The task: Skip the images and print the listing exactly.

Dataset section:
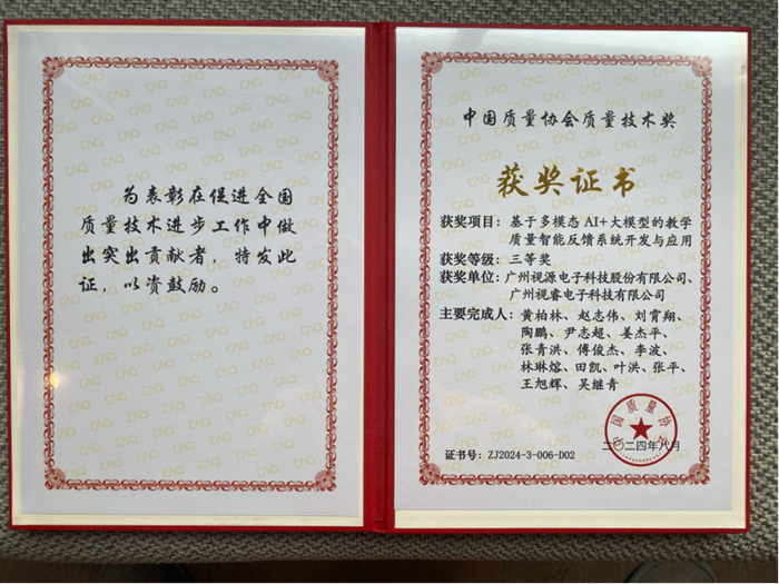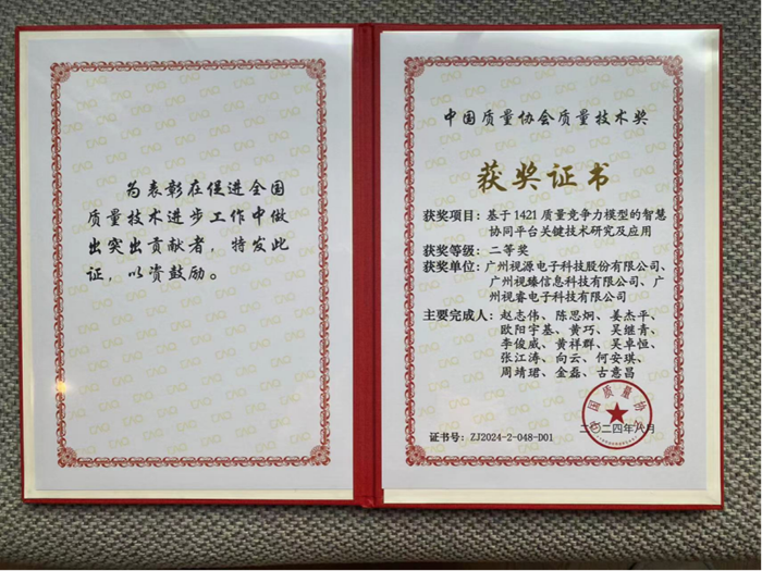 近日,2024年度全國質量技術獎揭曉,視源股份申報的技術成果《基于1421質量競爭力模型的智慧協同平臺關鍵技術研究及應用》榮獲二等獎,另一技術成果《基于多模態AI+大模型的教學質量智能反饋系統開發與應用》則榮獲三等獎。中國質量協會質量技術獎是2005年經國家科技部、國家科技獎勵辦公室批準設立的科學技術獎項,以表彰在質量技術領域中做出突出貢獻的單位或個人,是我國質量技術領域的最高榮譽。
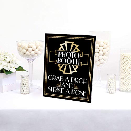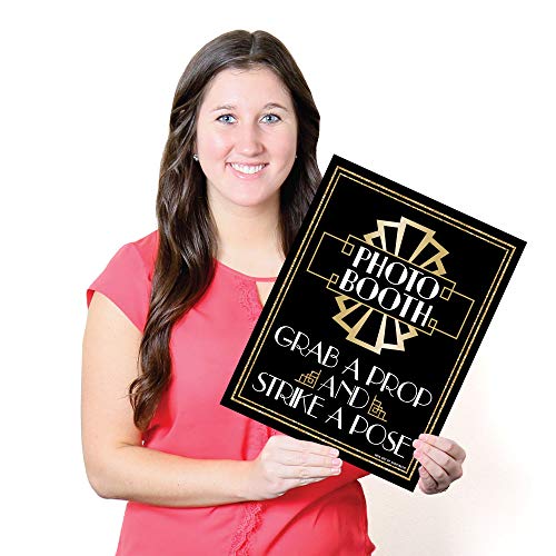 - HIGH-QUALITY PARTY SUPPLIES: Roaring 20’s Photo Booth – Grab a Prop and Strike a Pose Sign is professionally printed on durable, corrugated plastic. The photo booth sign will arrive cut out and ready for indoor or outdoor use. Simply add the included chipboard easel back stand to the back and display next to your selfie station.
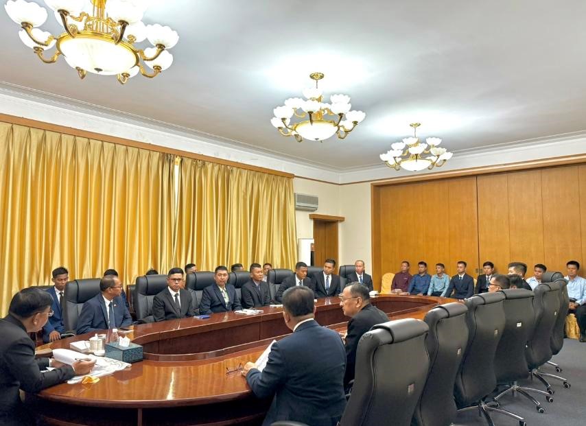 On the morning of 20 September, the Union minister and delegation met staff and families of the Myanmar Embassy and the Myanmar military attachés (Army, Navy, Air) office, as well as students attending training in Beijing, at the Myanmar Embassy. The Union minister explained the current situation of national development and presented gifts.

Task solution:
 近日,2024年度全國質量技術獎揭曉,視源股份申報的技術成果《基于1421質量競爭力模型的智慧協同平臺關鍵技術研究及應用》榮獲二等獎,另一技術成果《基于多模態AI+大模型的教學質量智能反饋系統開發與應用》則榮獲三等獎。中國質量協會質量技術獎是2005年經國家科技部、國家科技獎勵辦公室批準設立的科學技術獎項,以表彰在質量技術領域中做出突出貢獻的單位或個人,是我國質量技術領域的最高榮譽。
 - HIGH-QUALITY PARTY SUPPLIES: Roaring 20’s Photo Booth – Grab a Prop and Strike a Pose Sign is professionally printed on durable, corrugated plastic. The photo booth sign will arrive cut out and ready for indoor or outdoor use. Simply add the included chipboard easel back stand to the back and display next to your selfie station.
 On the morning of 20 September, the Union minister and delegation met staff and families of the Myanmar Embassy and the Myanmar military attachés (Army, Navy, Air) office, as well as students attending training in Beijing, at the Myanmar Embassy. The Union minister explained the current situation of national development and presented gifts.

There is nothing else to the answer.